A mission-critical system plagued by "silent crashes" and manual reboots. How I re-architected a fragile legacy codebase into a self-healing fortress.
When I took ownership, the system had a fatal flaw. The Control UI (Windows) was tightly coupled to the Real-Time Engine (Linux) via a fragile SSH Tunnel wrapped in unsafe C++ code.
If the Windows app crashed (due to memory corruption in the C++ wrapper), it didn't just close. It severed the link, leaving the Engine running as a "Zombie" — unreachable and locking the hardware.
Result: Engineers had to physically walk to the server room to `kill -9` processes manually.
To fix this, I completely removed the SSH dependency. I re-architected the backend as a System V Daemon (Background Service).
By decoupling the lifecycle, the Engine became independent. It doesn't care if the UI exists or not. It runs as a root service, managed by the OS, capable of auto-starting and clean shutdowns.
# /etc/systemd/system/hil_engine.service
# The blueprint for immortality
[Unit]
Description=HiRain Real-Time Engine Daemon
After=network.target
[Service]
Type=simple
ExecStart=/usr/bin/rt_engine_server --daemon
Restart=always
User=root
[Install]
WantedBy=multi-user.targetBut what if the UI crashes?
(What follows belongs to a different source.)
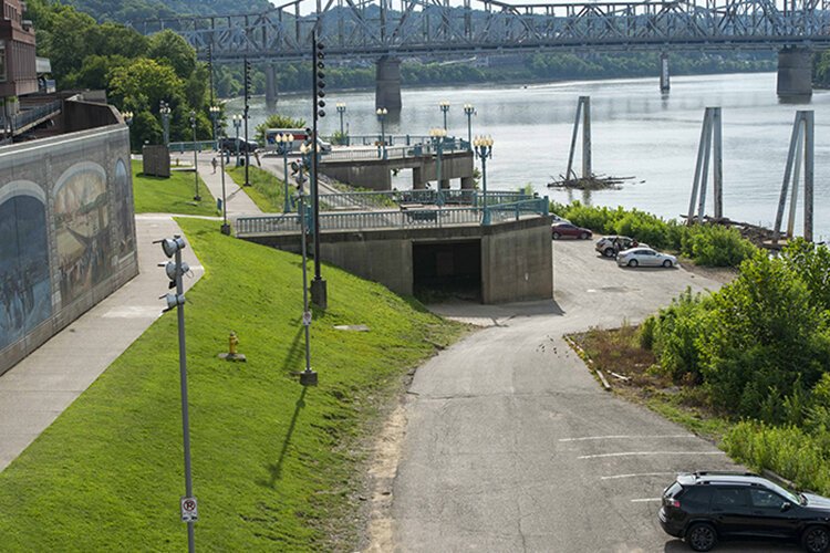 - Two concrete ADA-compliant multi-use paths — totaling about 2,800 feet — stretching from Greenup Street to the Madison Overlook, where they will link up with a sidewalk that leads west to a previously built paved path. The lower path will run along the river’s edge; the upper path will follow along the floodwall murals.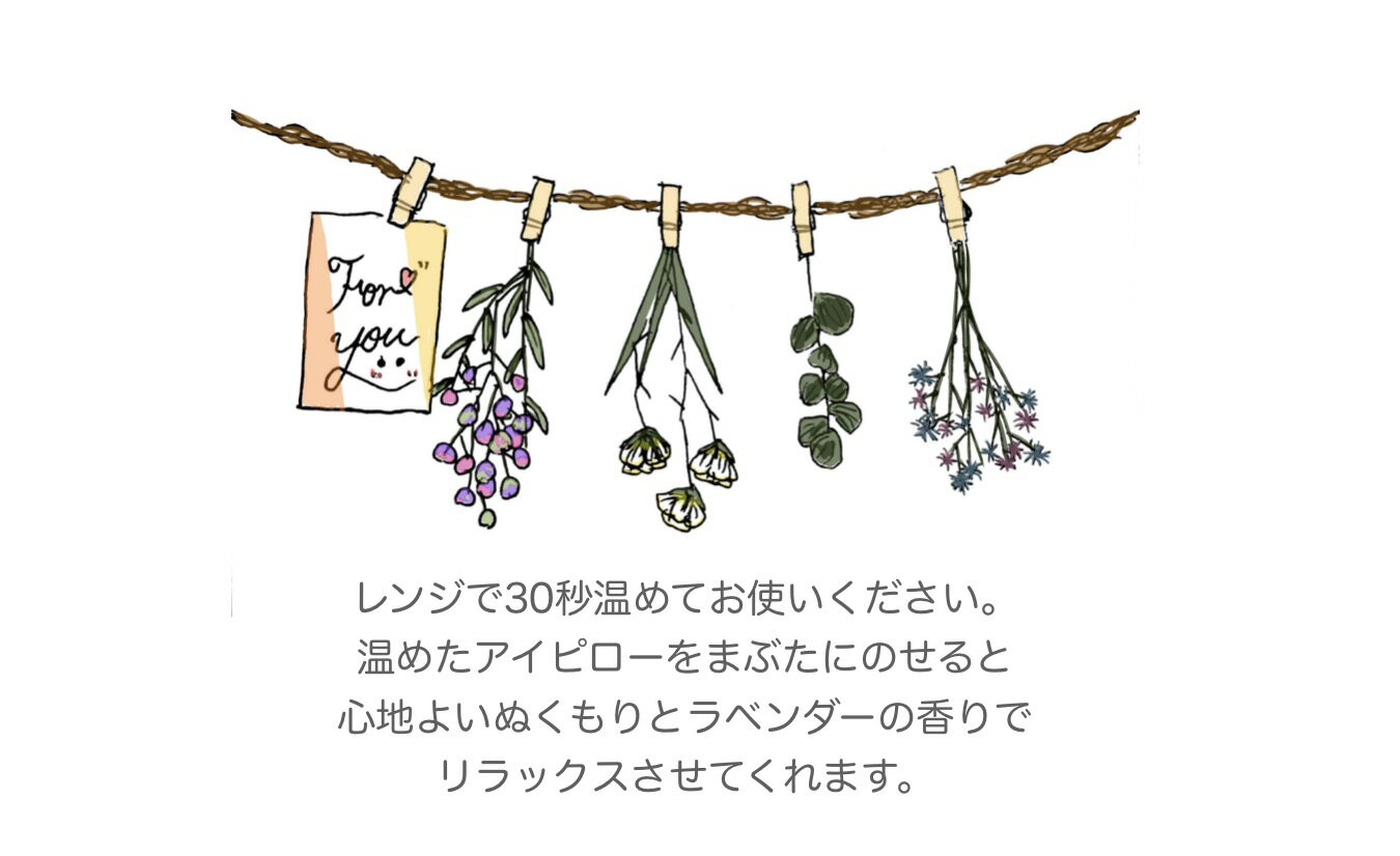 ■離島・一部地域は追加送料がかかる場合があります。 ■材質:表生地:綿85% 麻15% 中生地:綿100% ■中身:緑豆 ラベンダーポプリ ■サイズ:約9×21cm ■カラー:パープル ブルー 生成 アイピロー 電子レンジであたため・疲れた目元にあたたかアイマスク 冷蔵庫で冷やしてもクールな使い心地 ラベンダーの香りでリラックス雑貨 癒しのアロマアイマスク 温めても冷やしてもお好みで使える2ウエイタイプ 眼精疲労や睡眠にハーブの力でリラックス ※電子レンジでの温め過ぎにご注意ください。目安は30秒です。 ※冷やしてお使いになる場合は冷凍庫で凍らせないでください。 ゆうパケットでの配送 ご購入手続きの際、「ゆうパケット」をお選びください。お選びいただかない場合、宅配便の送料が別途加算されます。 ※「ゆうパケット」はポストに投函されます。 ※代引き・日時指定はできません。 代引、日付指定をご希望のお客様は、宅配便(送料別)をご利用ください。 ※クリスマスやお誕生日、ちょっとしたお礼に。プチプラギフト。 ♪素敵な玄関まわり&お庭づくりをお手伝いします♪ ≫当店の紹介はこちら メーカー希望小売価格はメーカーカタログに基づいて掲載しています。目元用アイピローマスク(メガネ型) 疲れた目元をじんわり暖めるホットアイピロー、クールに引き締めるひんやりアイピローの2wayタイプ ※カバーは外してお洗濯できます。 アイピローを使うことで、寝つきが良くなった!!夕方の目の疲れ具合が違う、偏頭痛と目の奥が痛かったのが軽減された!など・・・さまざまな声をいただいております。 じんわり温めながら・ツボ押しも効果的 呼吸に合わせてツボにゆっくり圧を加えて、痛気持ちいいくらいの強さで5秒くらいキープしてみてください。 体調に合わせて毎日行うと効果的です。 何色にしようかな・・・ 選べるカラー ■こちらの商品もおすすめです 人気雑貨をまとめ買い「プルーマスイートクリップ」 カラフルでかわいい洗濯バサミを12個入り〜48個入りをお好みの数量で選べます。 ギフト・プレゼントにもオススメです。≫続きを見る 一番人気の拡大鏡「クロームシルバー(3倍)」 シンプルなシルバー色で、どんな洗面台にも合わせやすい拡大鏡。 もっとも低価格なのも一番人気の理由です。≫続きを見る アイピローの姉妹品ネックピロー 首や肩を温めて温活しませんか? ギフト・プレゼントにも最適です。≫続きを見る 他の雑貨は → こちら ガーデニングやDIYが趣味の方におすすめの、ガーデンキットが揃っています。

The simulation must stop safely. I implemented a Thrift RPC Heartbeat. The UI pings the Daemon every second.
If the Daemon misses 3 heartbeats, it assumes the UI is dead and triggers an Auto-Cleanup Protocol: resetting hardware, clearing shared memory, and waiting for a new connection.
The impact was immediate. The manual reboots stopped. The "Zombie" processes vanished. The system became robust enough to run 24/7 automated regression tests without human supervision.